** Record extracts follows **

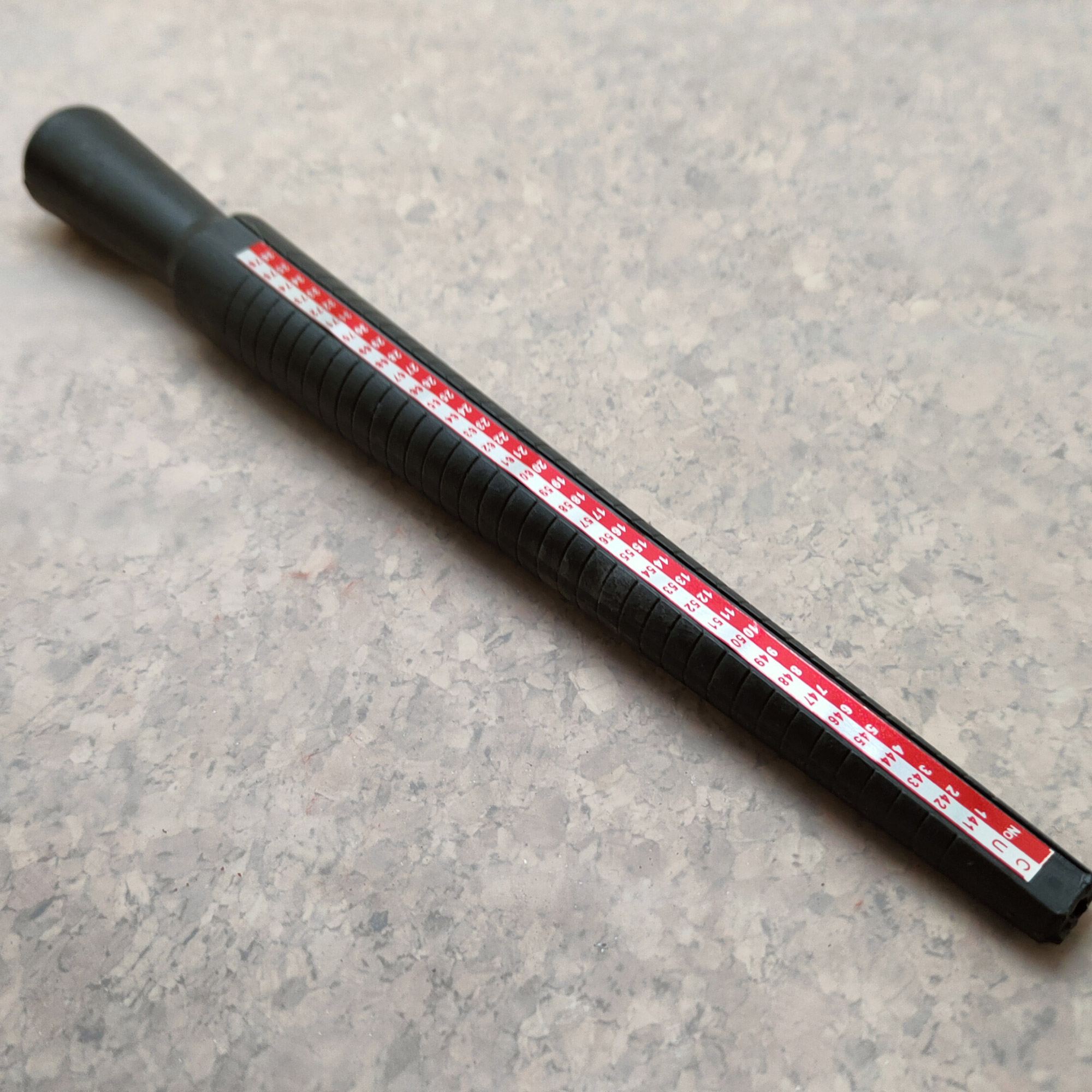 Trzpień miarowy, plastikowy. Służy do sprawdzania rozmiaru wykonywanego pierścionka. Skala w milimetrach (13-24), US (1-15), No (1-36), CU (41-76).
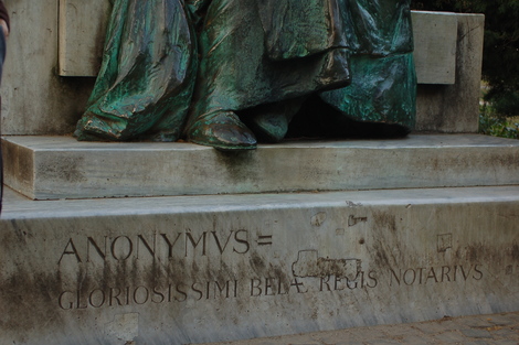 Gravure sous la statue de « Gallus Anonymous », « gloriosissimi belae regis notarus » (= notaire anonyme du roi Béla).
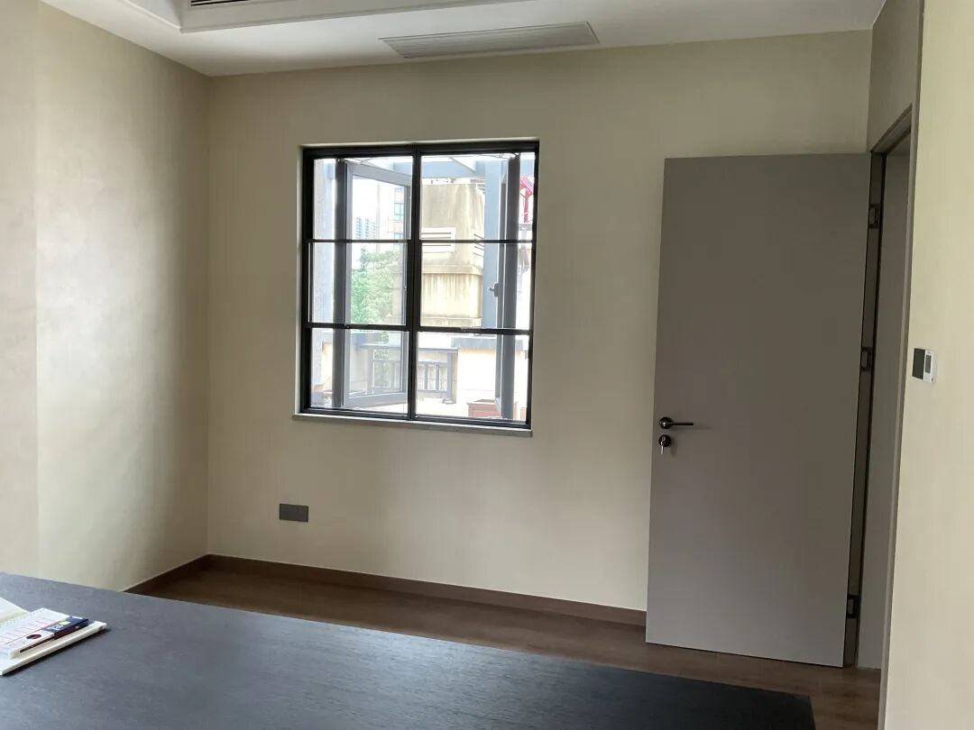 浅米色的墙面铺陈开来,半哑的质感让空间瞬间褪去了公共区域的张扬,多了几分沉静与温暖。在柔和的顶光与侧光映衬下,墙面的肌理温润如玉,没有刺眼的反光,只有触手可及的细腻触感。无论是静谧的书房,还是舒适的主卧,半哑珍珠绒都以最温柔的姿态包裹着空间:书房里,浅调的半哑墙面与深色实木书桌相映,光影柔和,伏案时只觉心境沉静;卧室中,半哑珍珠绒的墙面隔绝了外界的喧嚣,搭配简约的柜体与柔和的软装,每一寸空间都透着松弛与安逸,让身心在此彻底舒展。
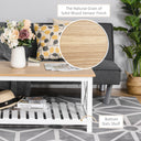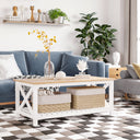 HOMCOM Farmhouse Coffee Table with Slatted Bottom Shelf, Center Table with X Bar Frame for Living Room, White, Natural
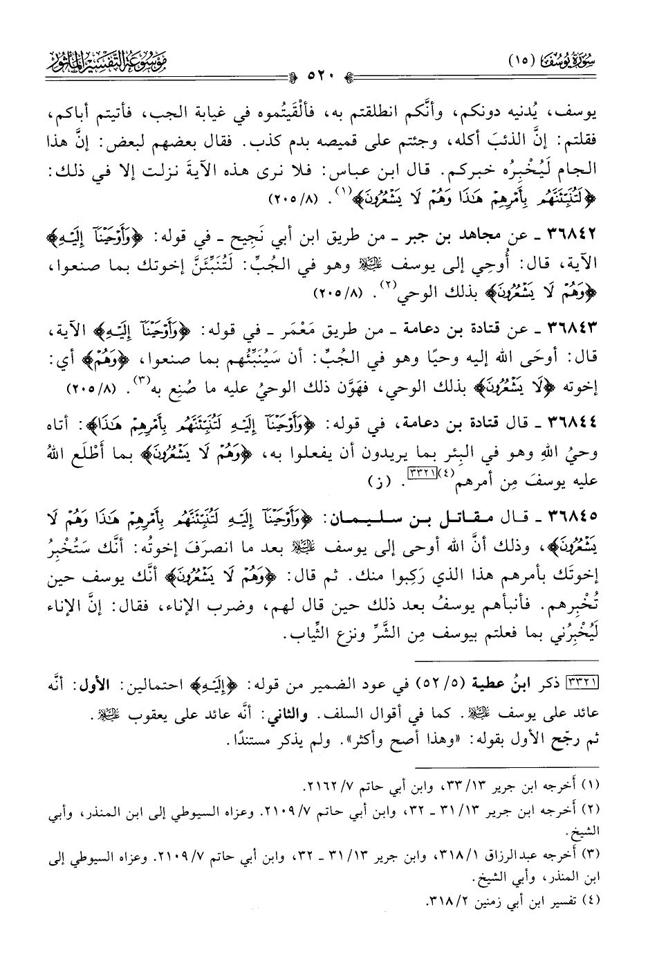 ٣٦٨٤٣ - عن قتادة بن دعامة -من طريق مَعْمَر- في قوله: {وأوحينا إليه} الآية، قال: أوحى الله إليه وحيًا وهو في الجُبِّ: أن سَيُنَبِّئُهم بما صنعوا، {وهم} أي: إخوته {لا يشعرون} بذلك الوحي، فهَوَّن ذلك الوحيُ عليه ما صُنِع به (¬٣). (٨/ ٢٠٥)
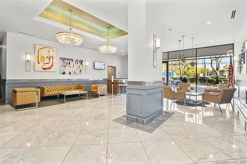 Enjoy living in this immaculate and spacious downtown 2BR,2BTH condo w/most utilities included New BR w/w carpet, new light fixtures just installed. Freshly painted This corner Hayes House condo also offers an open layout with open views of Stamford Large rooms plus a large balcony with vista views including a glimpse of Long Island Sound Excellent closet space throughout. Each BR with separate full bathroom. Optional renovated fitness room in building for resident use@$15/month. Recently renovated attractive and comfy lobby offers concierge services. Additional features included: bike room, storage, and expansive common patio with lounge chairs and barbecue for resident use. 1 garage parking space is included, and an extra space can be leased. Visitor 1 hour parking is available in front. Creditworthy tenants only will be considered Convenient to everything downtown Come and get it

** End of Record extracts **

### Task prompt
From the line containing "浅米色的墙面铺陈开来,半哑的" down to the last line of the entries above, set down every line exactly. Omit all pictures.

### Task solution
 浅米色的墙面铺陈开来,半哑的质感让空间瞬间褪去了公共区域的张扬,多了几分沉静与温暖。在柔和的顶光与侧光映衬下,墙面的肌理温润如玉,没有刺眼的反光,只有触手可及的细腻触感。无论是静谧的书房,还是舒适的主卧,半哑珍珠绒都以最温柔的姿态包裹着空间:书房里,浅调的半哑墙面与深色实木书桌相映,光影柔和,伏案时只觉心境沉静;卧室中,半哑珍珠绒的墙面隔绝了外界的喧嚣,搭配简约的柜体与柔和的软装,每一寸空间都透着松弛与安逸,让身心在此彻底舒展。
 HOMCOM Farmhouse Coffee Table with Slatted Bottom Shelf, Center Table with X Bar Frame for Living Room, White, Natural
 ٣٦٨٤٣ - عن قتادة بن دعامة -من طريق مَعْمَر- في قوله: {وأوحينا إليه} الآية، قال: أوحى الله إليه وحيًا وهو في الجُبِّ: أن سَيُنَبِّئُهم بما صنعوا، {وهم} أي: إخوته {لا يشعرون} بذلك الوحي، فهَوَّن ذلك الوحيُ عليه ما صُنِع به (¬٣). (٨/ ٢٠٥)
 Enjoy living in this immaculate and spacious downtown 2BR,2BTH condo w/most utilities included New BR w/w carpet, new light fixtures just installed. Freshly painted This corner Hayes House condo also offers an open layout with open views of Stamford Large rooms plus a large balcony with vista views including a glimpse of Long Island Sound Excellent closet space throughout. Each BR with separate full bathroom. Optional renovated fitness room in building for resident use@$15/month. Recently renovated attractive and comfy lobby offers concierge services. Additional features included: bike room, storage, and expansive common patio with lounge chairs and barbecue for resident use. 1 garage parking space is included, and an extra space can be leased. Visitor 1 hour parking is available in front. Creditworthy tenants only will be considered Convenient to everything downtown Come and get it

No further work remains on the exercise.